→ **Directions for this task**
Restate word for word the opening line of the data below and every line after it until the line with "Assuming that the", that line too, but not the pictures.

→ **Supplied information**
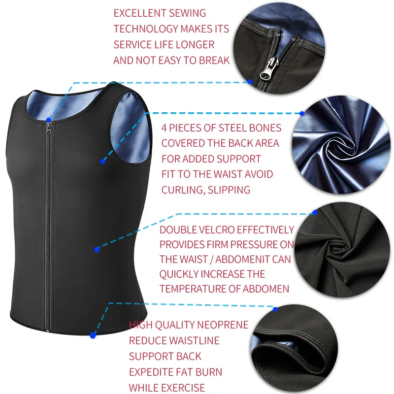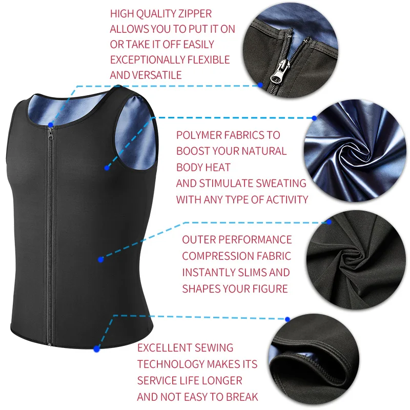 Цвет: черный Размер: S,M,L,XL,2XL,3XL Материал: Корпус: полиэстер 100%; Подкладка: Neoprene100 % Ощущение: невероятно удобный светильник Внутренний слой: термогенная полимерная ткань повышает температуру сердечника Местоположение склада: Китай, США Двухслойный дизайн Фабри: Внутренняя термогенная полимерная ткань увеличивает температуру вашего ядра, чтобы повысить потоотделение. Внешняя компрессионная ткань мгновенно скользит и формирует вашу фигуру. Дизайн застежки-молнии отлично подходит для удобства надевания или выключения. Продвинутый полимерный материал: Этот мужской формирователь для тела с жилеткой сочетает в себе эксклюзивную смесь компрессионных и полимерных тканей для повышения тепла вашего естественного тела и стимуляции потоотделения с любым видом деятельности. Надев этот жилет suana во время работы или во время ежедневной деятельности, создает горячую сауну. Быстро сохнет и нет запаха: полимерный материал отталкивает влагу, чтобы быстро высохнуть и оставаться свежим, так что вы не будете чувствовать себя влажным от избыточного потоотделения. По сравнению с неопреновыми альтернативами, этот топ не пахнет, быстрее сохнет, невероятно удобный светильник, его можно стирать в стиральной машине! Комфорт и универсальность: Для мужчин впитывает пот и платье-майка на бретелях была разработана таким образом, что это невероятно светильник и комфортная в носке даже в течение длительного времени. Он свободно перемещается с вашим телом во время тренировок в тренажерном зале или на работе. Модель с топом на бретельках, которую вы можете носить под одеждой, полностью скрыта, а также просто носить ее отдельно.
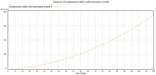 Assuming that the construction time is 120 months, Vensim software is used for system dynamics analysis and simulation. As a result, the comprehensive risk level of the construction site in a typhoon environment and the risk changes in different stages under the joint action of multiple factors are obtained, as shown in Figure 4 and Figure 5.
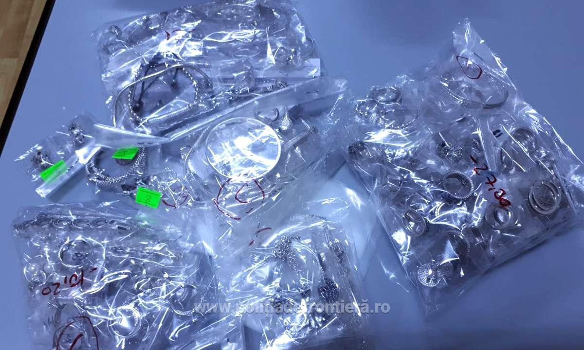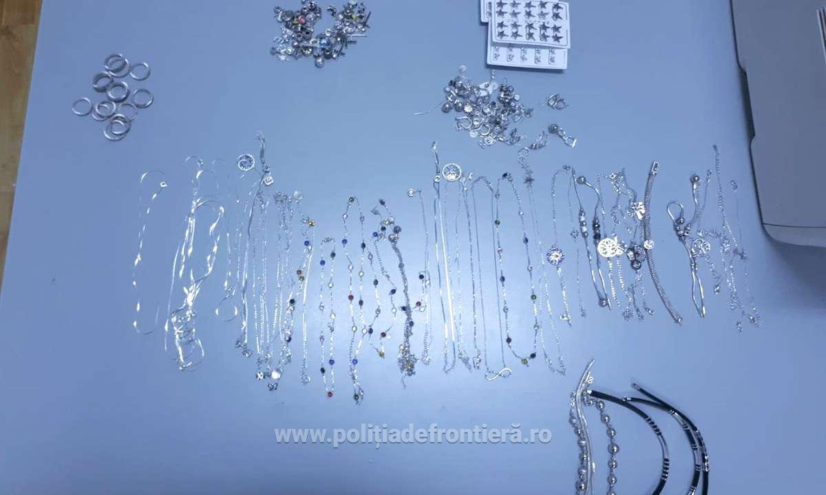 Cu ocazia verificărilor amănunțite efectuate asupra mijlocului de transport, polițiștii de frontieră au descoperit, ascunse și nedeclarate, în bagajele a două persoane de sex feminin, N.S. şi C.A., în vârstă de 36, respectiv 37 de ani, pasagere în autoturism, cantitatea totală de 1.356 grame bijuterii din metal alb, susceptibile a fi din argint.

→ **Output for this exercise**
 Цвет: черный Размер: S,M,L,XL,2XL,3XL Материал: Корпус: полиэстер 100%; Подкладка: Neoprene100 % Ощущение: невероятно удобный светильник Внутренний слой: термогенная полимерная ткань повышает температуру сердечника Местоположение склада: Китай, США Двухслойный дизайн Фабри: Внутренняя термогенная полимерная ткань увеличивает температуру вашего ядра, чтобы повысить потоотделение. Внешняя компрессионная ткань мгновенно скользит и формирует вашу фигуру. Дизайн застежки-молнии отлично подходит для удобства надевания или выключения. Продвинутый полимерный материал: Этот мужской формирователь для тела с жилеткой сочетает в себе эксклюзивную смесь компрессионных и полимерных тканей для повышения тепла вашего естественного тела и стимуляции потоотделения с любым видом деятельности. Надев этот жилет suana во время работы или во время ежедневной деятельности, создает горячую сауну. Быстро сохнет и нет запаха: полимерный материал отталкивает влагу, чтобы быстро высохнуть и оставаться свежим, так что вы не будете чувствовать себя влажным от избыточного потоотделения. По сравнению с неопреновыми альтернативами, этот топ не пахнет, быстрее сохнет, невероятно удобный светильник, его можно стирать в стиральной машине! Комфорт и универсальность: Для мужчин впитывает пот и платье-майка на бретелях была разработана таким образом, что это невероятно светильник и комфортная в носке даже в течение длительного времени. Он свободно перемещается с вашим телом во время тренировок в тренажерном зале или на работе. Модель с топом на бретельках, которую вы можете носить под одеждой, полностью скрыта, а также просто носить ее отдельно.
 Assuming that the construction time is 120 months, Vensim software is used for system dynamics analysis and simulation. As a result, the comprehensive risk level of the construction site in a typhoon environment and the risk changes in different stages under the joint action of multiple factors are obtained, as shown in Figure 4 and Figure 5.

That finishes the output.